We strongly recommend enabling Multi-Factor Authentication (MFA) to authenticate against Capella—adding a strong layer of protection against many common attacks.
Lifecycle
Couchbase Capella manages the infrastructure lifecycle for you, upgrading the Couchbase Cluster with a new version of Couchbase Server, and communicating the release cycle and policy with you. Customers should update the Couchbase SDK that they use in their applications to the latest patched version, and validate after upgrading.
Monitoring & Alerts
Couchbase Capella provides a performance metrics dashboard. The customer reviews the metrics and is responsible for scaling the cluster to accommodate changes in workload or dataset size Capella provides an Alerts dashboard — informing you of any problems, such as a failed backup. Reviewing these alerts and taking appropriate actions is a shared responsibility between the Couchbase Support team and the customer.
Multi-Factor Authentication
Multi-Factor Authentication (MFA) is available for non-SSO Capella users. Users can choose to add another layer of security by requiring a one-time passcode to be used in conjunction with the password to log in to the Couchbase Capella Control Plane.
See Manage Multi-Factor Authentication (MFA) for more information.
Networking
Set up a VPC peering connection with AWS, Azure, or GCP.
Add private endpoints with AWS PrivateLink, Azure Private Link, or GCP Private Service Connect.
Restrict Public Access
Limited availability
The option to create a cluster with restricted public access is available only on request.
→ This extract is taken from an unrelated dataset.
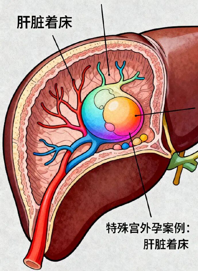 正常情况下,受精卵应着床于子宫腔内,特殊情况下,受精卵种植在子宫体部以外部位,即为异位妊娠,发生率约1.5%~2.0%。根据受精卵种植部位不同,异位妊娠可分为输卵管妊娠、卵巢妊娠、阔韧带妊娠、宫颈妊娠、腹腔妊娠等等,其中仅约1%的可能发生在腹腔,而肝脏妊娠又属于腹腔妊娠的“稀客”。
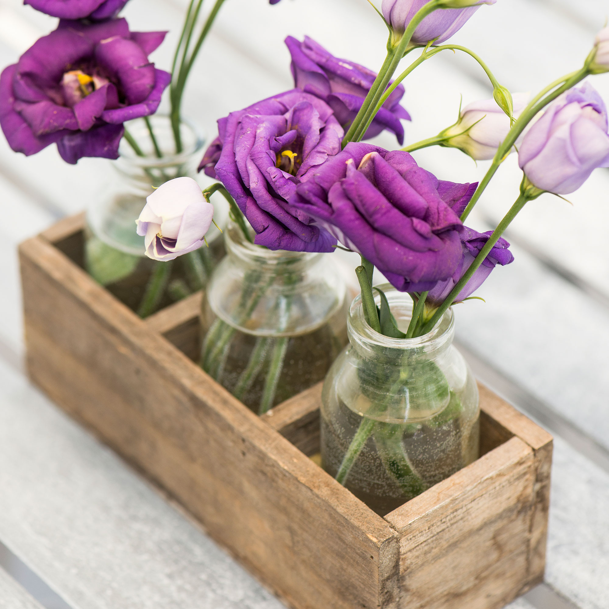 A small box can be easily knocked up with a hammer and a few nails and used to display pretty posies in vases.

For more information, contact Couchbase Support. |
If Couchbase grants your organization access to this feature, you can restrict public access for a new cluster.
With restrict public access turned on for your cluster, you can only connect to your cluster through Capella’s private networking options, including VPC peering and private endpoints.
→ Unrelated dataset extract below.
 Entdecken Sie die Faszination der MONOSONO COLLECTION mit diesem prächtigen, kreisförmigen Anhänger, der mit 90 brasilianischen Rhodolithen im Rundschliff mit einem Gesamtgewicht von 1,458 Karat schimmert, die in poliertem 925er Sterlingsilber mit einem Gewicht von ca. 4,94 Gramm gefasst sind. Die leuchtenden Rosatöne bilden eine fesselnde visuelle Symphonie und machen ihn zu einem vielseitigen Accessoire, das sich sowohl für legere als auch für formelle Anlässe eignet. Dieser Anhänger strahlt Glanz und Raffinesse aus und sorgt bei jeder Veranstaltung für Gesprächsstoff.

For example, with restrict public access enabled, only your cloud service provider (CSP) network that’s peered with Capella can access your cluster. This configuration allows direct traffic routing from your on-premises network to Capella through your CSP’s network that’s peered with Capella.
When you restrict public access for a cluster, the cluster is accessible only through private IP addresses that Capella assigns. In your applications, you can use the DNS hostname provided by Capella to resolve your cluster’s private IP addresses. You can also still use the connection string for your cluster on the page.
Shared Responsibilities
Good security is a partnership of application and cluster. With Capella, most operations are automated, but some areas need active input from the customer to get the best possible results.
With a fully-hosted solution, Couchbase takes care of all of the infrastructure, as well as managing the cluster deployment. However, customers should take care to follow best practices for authentication, as well as least privilege in RBAC. This page highlights some of those best practices.
Key areas of customer responsibility are Defining Roles and Customer Access Control policy.